可怜须卜直虽然骁勇,但是,他却没能躲过箭矢的攻击,他那张宽大的脸同时被三支羽箭射中,一支正中鼻梁,另外两支各中耳廓。须卜直的身体在马上晃了两晃,就一头栽落马下。
“杀呀!”一阵儿清脆得女声从薛靳、陶铸的背后传出,姚秀这时已经收了弓箭,她从腰间解下了七尺长鞭,骑在马上向兽人骑兵冲了过去。不用问,刚才射死须卜直的正是姚秀。薛靳、陶铸两人见状,他们也各自挥舞着兵刃跟在姚秀的身后向兽人骑兵发动了冲锋。
原本所剩无多的兽人骑兵见自己死了主将,而原人们又向发了疯一般向自己扑了过来。他们便也无心恋战,拨马向八面坡的方向逃窜了。这时,张震天挥舞着手中的骨杖与姚秀等三人会合到一起。姚秀瞥了一眼张震天,张震天虽然满身血渍,但是依旧精神矍铄,显然他并没有受伤,他身上的血污都是兽人留下的。姚秀这才又放心的问,“姓张的,我们追是不追?”
“追!”张震天回头看了一眼刚刚的战场,“陶将军,你带二百兵士负责打扫战场!不要俘虏。其他人随我一同追上去。”张震天说完,他一马当先向兽人逃窜得方向追了下去。姚秀、薛靳两个带兵紧紧跟随。对于张震天的命令,陶铸执行起来并无任何得疑义。只是战后,张震天发现自己也变了,原来残杀战俘与消灭敌人在军人眼中是意义相同的事。

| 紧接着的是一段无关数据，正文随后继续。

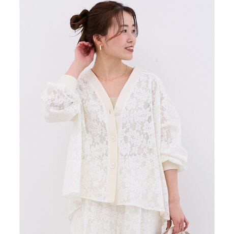 レースの存在感が際立つ、華やかで着映えするカーディガン。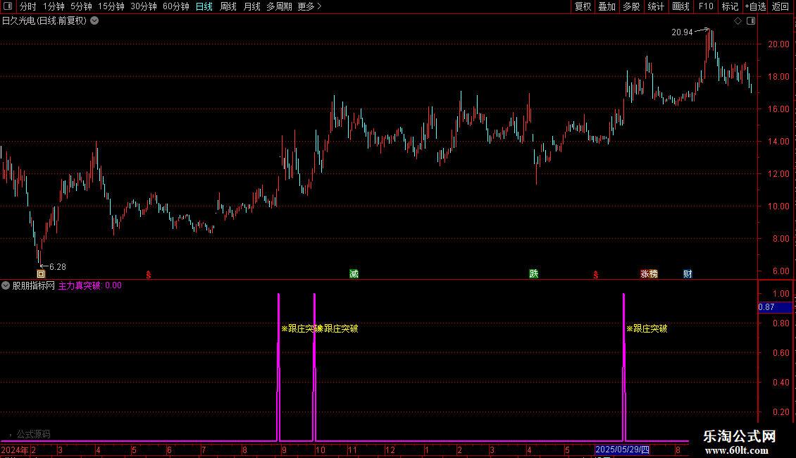 盯紧青色“跟庄突破”四字:一旦闪现,即代表股价同时踩中四大关口——放量突破主力成本、距前高仅差1.1倍且收在日内最高,叠加量能与趋势强度双重校验,确认主力真金白银进场,绝非虚涨诱多。

残存的四十多名兽人骑兵一路狂奔,他们很快就接近了八面坡一带,但是,他们退回八面坡营地的道路却被原人们岔死了。在路障之前,周裴虎带了手下二百人的骑兵守侯在那里。他们见到兽人的败兵赶到,自然是挥舞着手中的兵刃向兽人们扑了上去。而这些撤退下来的兽人虽然心惊,但是当他们发现已无回归大营可能的时候,他们并没有胆怯,反而都拼尽了最后一丝气力向原人们发动了反击。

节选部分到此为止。